Feminist Foreign Policy (FFP) is complex. It should not come as a surprise really, as this relatively new topic of FFP just became reality barely 10 years ago in 2014 when Sweden’s minister for foreign affairs at the time, Margot Wallström, placed gender equality at the heart of Sweden’s international agenda. The policy centered around three key objectives, often abbreviated to the “3 R’s”. These ‘”R’s” can be found in the Swedish FFP handbook (The Swedish Ministry for Foreign Affairs 2019, pp. 11-12):

Rights: “The Swedish Foreign Service promotes all women’s and girls’ full enjoyment of human rights, which includes combating all forms of violence and discrimination that restrict their freedom of action.”

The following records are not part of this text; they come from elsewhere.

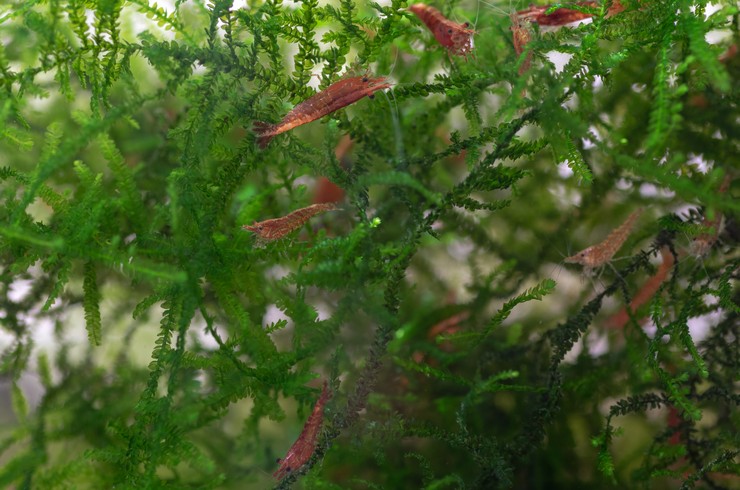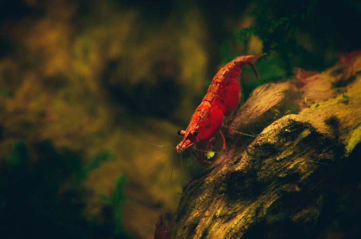 Грунт в аквариуме лучше использовать мелкой фракции 0,5 — 1,5 мм. Должна быть организована фильтрация и аэрация. Желательно поместить в аквариум корягу, обрастив ее мхом: древесина служит пищей для только что вылупившихся креветок, а мох – дополнительным укрытием.
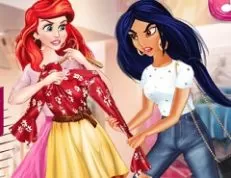 You can find today dear friends a new online Princess games category game, in which you are going to meet with Jasmine and Ariel, two Disney princesses that always want to be fashion and look good together. Today dear friends, you have to make sure that you can gain a lot of fashion experience with the Aladdin and Little Mermaid princesses. It's not going to be easy at all, because dear friends you have to make sure that you can help the Disney princesses win a little contest in this shopping rivalry game, because dear friends you can see that you will have to make sure that you can help Ariel and Jasmine to have the most beautiful, modern and fashion clothes, accessories and even hairstyles from the mall. We are sure that you will do the best outfits for the princesses, and you can see that they will return with more dress up and makeover challenges here on our website. Have fun!
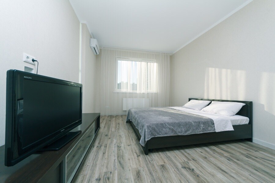 Appartement ensoleillé et chaleureux, entièrement neuf. À la disposition des voyageurs tout ce dont vous avez besoin. La vaisselle de cuisine, les serviettes, les draps, le sèche-cheveux, les appareils ménagers sont tous neufs. L'appartement est situé au centre du quartier de Rusanovka, une île artificielle entourée d'eau. A cinq minutes à pied du remblai de la rivière avec de nombreux restaurants avec une cuisine variée - Italien, Grec, Américain, Européen, un poisson et un petit déjeuner restaurants. Le centre d'exposition (IEC-expo) est à 15 minutes à pied.
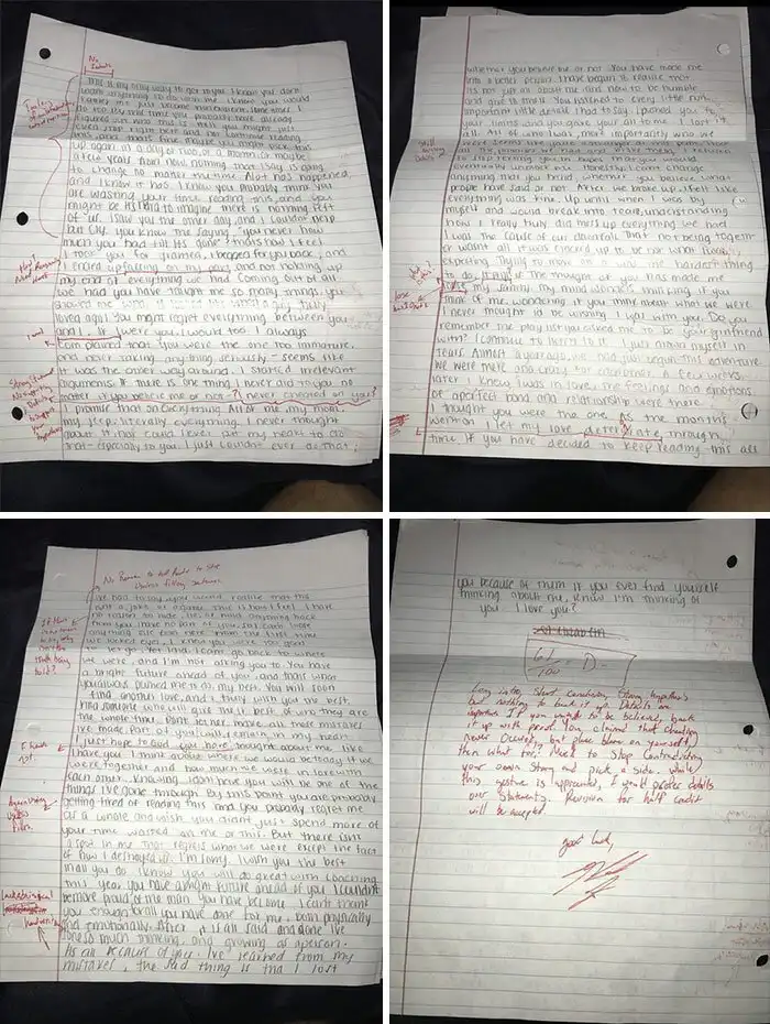"Бывший прислал письмо с извинениями. Я исправила все ошибки, выставила оценку и отослала его назад"

Representation: “The Swedish Foreign Service promotes women’s participation and influence in decision making processes at all levels and in all areas, and shall seek dialogue with women representatives at all levels, including in civil society.”

Resources: “The Swedish Foreign Service works to ensure that resources are allocated to promote gender equality and equal opportunities for all women and girls to enjoy human rights. The Swedish Foreign Service shall also promote targeted measures for different target groups.”

In addition, the Swedish Foreign Service action plan for FFP defines several areas in which the Swedish Foreign Service is required to contribute to “all women’s and girls’ i) full enjoyment of human rights, ii) freedom from physical, psychological and sexual violence, iii) participation in preventing and resolving conflicts, and post-conflict peacebuilding, iv) political participation and influence in all areas of society, v) economic rights and empowerment, and vi) sexual and reproductive health and rights (SRHR)” (The Swedish Ministry for Foreign Affairs 2018, p.4). These measures and objectives are repeated in the updated version of this action plan on page 3 (The Swedish Ministry for Foreign Affairs 2020). Equally, the action plan outlines guidelines for the internal workings of the Swedish Foreign Service (The Swedish Ministry for Foreign Affairs 2019, p. 19) to serve as a fundament for which grounds Sweden’s foreign actions become ‘believable’.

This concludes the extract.